One of the precursors to making cortisol is called pregnenolone.  Unfortunately, pregnenolone is also a precursor to estrogen.  Because keeping your brain alive is more of a priority than making a baby, your adrenals will “steal” the pregnenolone at the expense of your estrogen.  This will result in you getting all the symptoms of an estrogen deficiency.  Hence the brain fog, forgetfulness, and hot flashes.  In this estrogen deficient state, your body will try to do what it can to produce estrogen.  Guess what else can produce estrogen, belly fat.  This is why women gain weight after they go through menopause or have their ovaries taken out.

Since your ability to effectively manage blood sugar is now compromised, you are starting to crave sugar for the energy.  You are trying to exogenously manage your glucose levels via sugar intake.  Eating something sweet will give you a short lived burst of energy (just like cortisol raising your blood sugar) until you crash again and are looking for something sweet.  This is why the combination of caffeine and sugar in a soda works well for you, albeit temporarily.  The sugar raises your blood glucose and the caffeine stimulates a little bit of a cortisol release from the already beat up adrenals (kind of like beating a dying horse).

The body is also very reliant on cortisol production for effective exercise.  Therefore when you do exercise hard you are once again calling upon the adrenals to fire and beating the dying horse again.  Replacing the glycogen stores in your muscles is impaired causing you to have a hard time recovering from exercise.  This is why exercise makes you feel bad but everyone else feels good.
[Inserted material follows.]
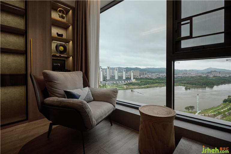 客廳與書房的綠植區(qū)采用了鋼化玻璃斜拼隔斷,使南北空氣形成對(duì)流讓植物植物更好的生長(zhǎng)。裝修設(shè)計(jì)品茗區(qū)地面采用柔和磨砂磚,植物區(qū)采用了深色的毛石上墻,為這個(gè)小小的綠植區(qū)增添了出色的背景。

So now that we know the cause of your issues how can we help it?  One of the best things that has worked over the years to help heal adrenal fatigue in about 80% of the cases is the following concoction:  mix ½ teaspoon of cream of tartar with a ½ cup of orange or pineapple juice and drink at bedtime for eight weeks (I would recommend pineapple juice over orange juice if you have an acidic stomach).  Cream of tartar is actually the residue found in the bottoms of wine barrels and has a high potassium content.  Potassium has a net positive effect of helping to heal the adrenal glands.  The orange or pineapple juice helps to stabilize the blood glucose levels at night to inhibit the release of adrenaline and norepinephrine.  After five to ten days of doing this you will experience that you are waking less at night, having less night sweats, and waking more refreshed.  After two weeks, generally your energy and endurance will begin to improve.  This cream of tartar mixture works remarkably well.

Since chronic stress is the main reason your adrenal glands have become fatigued in the first place, anything you can do to reduce stress can help.  Studies have shown that deep breathing and meditation can help.  When you take a deep breath, oxygen reaches into the lower parts of your lungs to stimulate receptors that feedback to the adrenals telling them to relax.  When stressed, your breathing is shallow and the receptors in the lower parts of your lungs are not stimulated.  There is a plethora of meditation and breathing techniques but I like to keep it simple.  I’m a fan of six second box breathing in which you inhale deeply through your nose for six seconds, hold it for six seconds, exhale for six seconds, and hold again for six seconds before repeating.  This works quite well and can be done for a few minutes daily.

The above approach won’t work for everybody but does work for the majority.  Adrenal fatigue can get very complicated and sometimes requires supplemental interventions to help move folks to better health.  But give the cream of tartar mixture and deep breathing a try and see what it does for you.

Dr. Jeff Roberts, a 1998 graduate of Palmer College of Chiropractic, has practiced in Lebanon, KY for 18 years.